### Your task
Below are some records. Return exactly the lines from the one with "数据长度为1400字节,IC" to the one with "This T-shirt features", and nothing else.

### Task material
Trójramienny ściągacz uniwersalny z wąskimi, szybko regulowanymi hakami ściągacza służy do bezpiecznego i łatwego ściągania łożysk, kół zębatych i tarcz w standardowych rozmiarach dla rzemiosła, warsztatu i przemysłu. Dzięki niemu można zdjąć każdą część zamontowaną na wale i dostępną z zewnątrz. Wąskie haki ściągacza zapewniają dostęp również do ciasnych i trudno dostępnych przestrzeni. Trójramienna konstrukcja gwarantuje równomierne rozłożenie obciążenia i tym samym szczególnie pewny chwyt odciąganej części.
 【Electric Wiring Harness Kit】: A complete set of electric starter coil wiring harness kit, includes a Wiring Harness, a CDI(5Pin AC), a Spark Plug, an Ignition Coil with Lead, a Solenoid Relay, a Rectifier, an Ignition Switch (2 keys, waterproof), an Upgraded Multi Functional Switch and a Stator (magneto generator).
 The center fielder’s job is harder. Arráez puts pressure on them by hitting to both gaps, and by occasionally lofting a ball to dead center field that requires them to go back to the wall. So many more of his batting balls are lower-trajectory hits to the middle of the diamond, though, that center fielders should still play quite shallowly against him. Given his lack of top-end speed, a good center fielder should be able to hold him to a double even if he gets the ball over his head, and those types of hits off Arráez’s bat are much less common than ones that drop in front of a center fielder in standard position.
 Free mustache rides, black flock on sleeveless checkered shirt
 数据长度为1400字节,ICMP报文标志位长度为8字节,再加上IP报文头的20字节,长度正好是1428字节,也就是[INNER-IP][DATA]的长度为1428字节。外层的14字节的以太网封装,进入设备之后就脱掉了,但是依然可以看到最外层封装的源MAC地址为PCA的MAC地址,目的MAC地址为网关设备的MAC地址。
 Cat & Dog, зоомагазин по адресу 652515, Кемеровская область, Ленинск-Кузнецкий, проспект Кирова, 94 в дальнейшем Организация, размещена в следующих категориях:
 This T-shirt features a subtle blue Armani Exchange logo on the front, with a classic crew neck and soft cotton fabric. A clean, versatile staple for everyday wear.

* * *

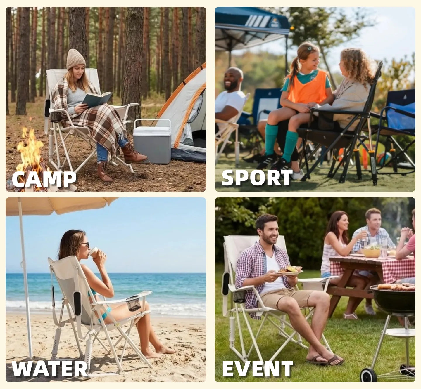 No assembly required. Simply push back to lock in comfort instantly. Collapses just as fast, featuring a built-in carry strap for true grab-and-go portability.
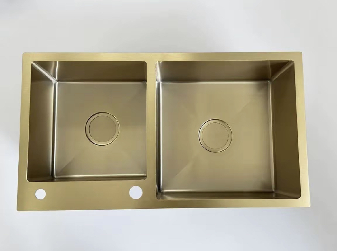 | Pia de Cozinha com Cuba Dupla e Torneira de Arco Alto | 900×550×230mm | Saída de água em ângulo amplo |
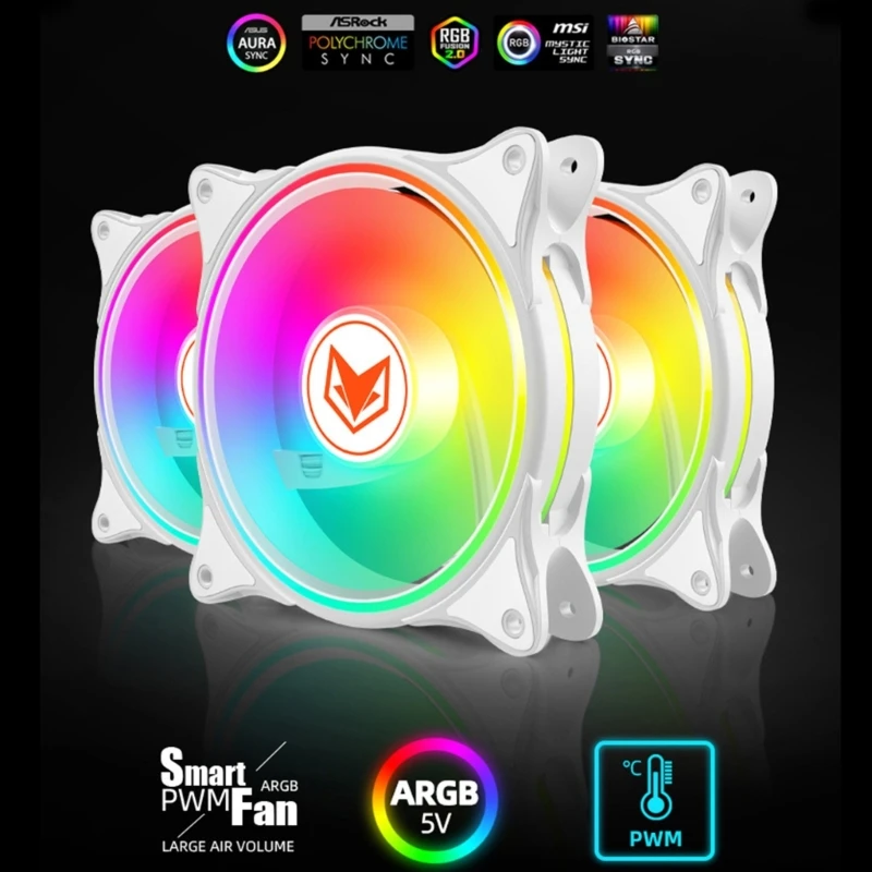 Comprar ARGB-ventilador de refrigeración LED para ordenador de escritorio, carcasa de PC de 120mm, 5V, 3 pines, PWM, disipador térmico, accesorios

==

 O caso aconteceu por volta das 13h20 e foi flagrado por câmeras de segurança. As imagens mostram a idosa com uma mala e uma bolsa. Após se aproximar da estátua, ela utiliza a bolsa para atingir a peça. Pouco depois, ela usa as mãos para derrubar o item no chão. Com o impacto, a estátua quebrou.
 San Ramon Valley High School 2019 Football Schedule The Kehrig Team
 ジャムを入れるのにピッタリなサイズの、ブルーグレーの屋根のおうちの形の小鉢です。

### Response for this exercise
 数据长度为1400字节,ICMP报文标志位长度为8字节,再加上IP报文头的20字节,长度正好是1428字节,也就是[INNER-IP][DATA]的长度为1428字节。外层的14字节的以太网封装,进入设备之后就脱掉了,但是依然可以看到最外层封装的源MAC地址为PCA的MAC地址,目的MAC地址为网关设备的MAC地址。
 Cat & Dog, зоомагазин по адресу 652515, Кемеровская область, Ленинск-Кузнецкий, проспект Кирова, 94 в дальнейшем Организация, размещена в следующих категориях:
 This T-shirt features a subtle blue Armani Exchange logo on the front, with a classic crew neck and soft cotton fabric. A clean, versatile staple for everyday wear.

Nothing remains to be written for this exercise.